According to Dar, following consultations with the IMF, the government has agreed to impose levies totaling 170 billion rupees. But, he continued, “We must impose more taxes because we were unable to reach our previous tax collecting objective.”

According to him, the circular debt reached 2,467 billion rupees during the PTI administration, but the current administration has been able to contain its rise to some degree.

The government aims to generate an additional 170 billion rupees ($639 million) in income during the current fiscal year, which ends in July, by proposing to increase the General Sales Tax on the import of luxury products from 17 percent to 25 percent. Additionally, the present GST rate of 17 percent has been increased to 18 percent.

According to the minister, the government and IMF recently conducted conversations to revive the program. It was decided that the government would make painful decisions to stabilize the nation’s faltering economy.
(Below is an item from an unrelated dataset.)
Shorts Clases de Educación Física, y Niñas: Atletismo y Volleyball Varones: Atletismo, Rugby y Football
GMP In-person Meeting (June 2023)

He asserted that the new revenue measures would not affect the poor because the majority of the additional taxes were placed on items they did not use.
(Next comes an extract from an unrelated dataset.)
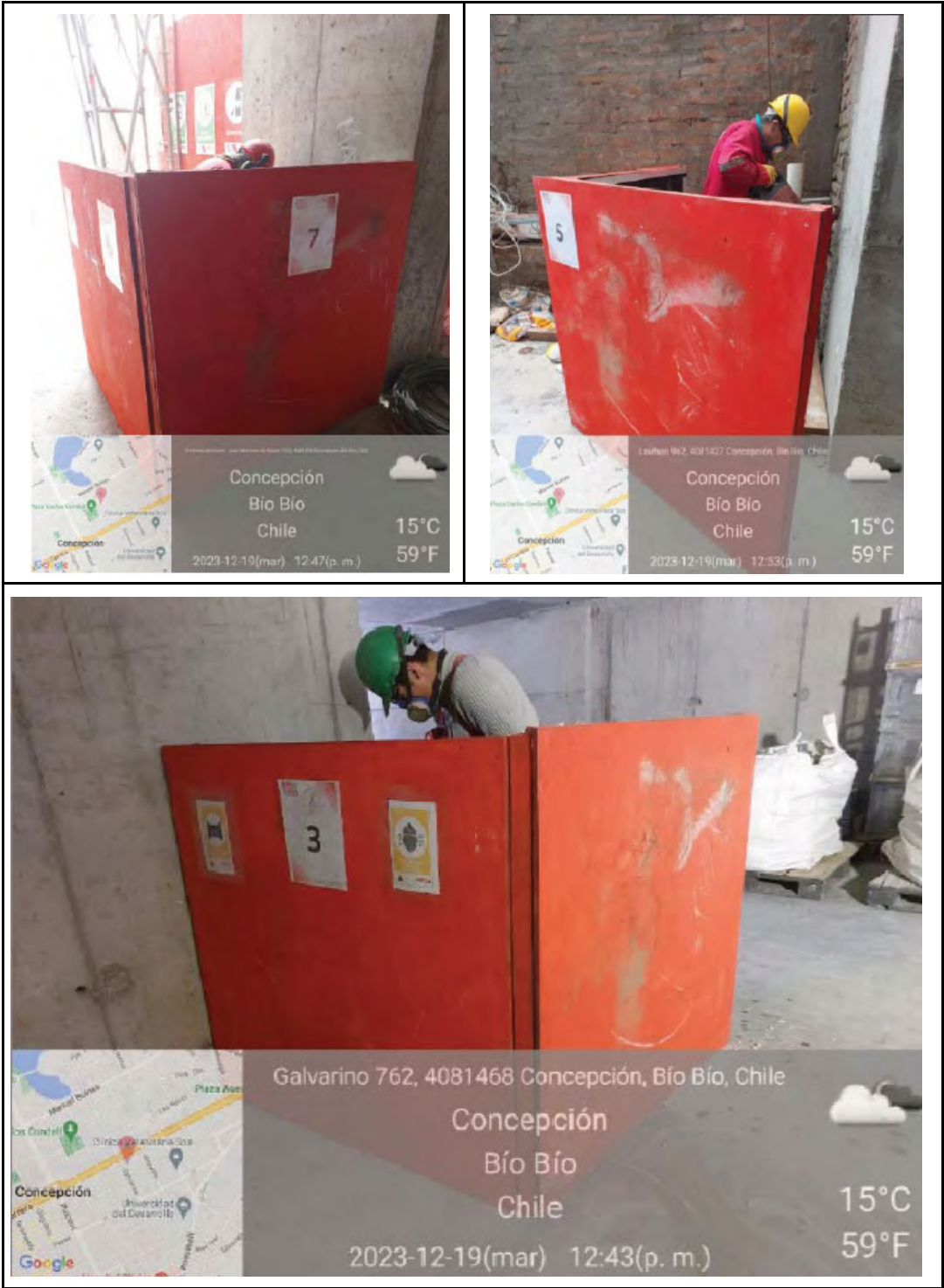
Figura 2: Fotografías aportadas por el titular en el PDC sobre los biombos instalados.

diferente numeración, lo que permite entender que el infractor no cumplió con la cantidad de biombos comprometidos. Esto se puede apreciar en las fotografías entregadas por el titular (Fig. 2).

In addition to the plan to tax hotels and wedding halls, the measure included a provision to collect a tax in advance from commercial lawns, marquees, and clubs. In addition, a tax hike on mobile phones was proposed.

In addition, there is a plan to impose a 10% tax on beverages sold at retail and a tax on airline tickets purchased in advance.

The law proposed increasing the federal excise duty (FED) on cement from Rs 1.5 to Rs 2 per kilogram and the cement tax by Rs 0.50 per kilogram.

On wedding ceremonies, a 10% advance tax is imposed.

The financial measure includes a proposal to increase the value-added tax from 17 to 25 percent on cell phones costing more than $500. The collection of a 10% tax in advance was also proposed for weddings, seminars, workshops, exhibits, musical performances, and other events.

The proposed legislation stipulated that fruit juices and other beverages be subject to a 10% FED. In addition, it was suggested that first- and business-class flights would incur a FED of 20% or Rs. 50,000. (whichever is higher). In addition, a 10% tax on purchased or held shares was proposed.

Dar added that the government had earmarked Rs30 billion for youth loans and that farmers have received Rs1,000 out of the Rs2,000 indicated in the Kissan Package.

Cabinet members will offer a proposal to reduce government expenditures.

According to the finance minister, Prime Minister Shehbaz Sharif will soon reassure the nation about the Finance Supplemental Bill. In addition, the cabinet will shortly submit a plan to reduce government spending.

He claimed that notice of the issuance of Letters of Credit (LCs) for the opening had been sent to the pharmaceutical, petroleum, and sporting goods businesses. According to him, the previous and current tax collection goals of Rs170 billion will be fulfilled.

We urgently require the development of a road map because we must embrace a unified perspective on the economy. Our group must sit in a circle. We hope that the institutions will also provide full assistance,” he concluded.

Dar stated that despite the nation’s current hardships, growth is only achievable if we all work together.

The bill was then introduced to the Senate. However, the PTI organized a demonstration and encircled the platform of Senate Chairman Sadiq Sanjrani. In addition, they chanted anti-government slogans.

The proposals for the measure should be delivered to the house by February 23, according to the Senate leadership. The meeting was then postponed until Friday at 10:30 a.m.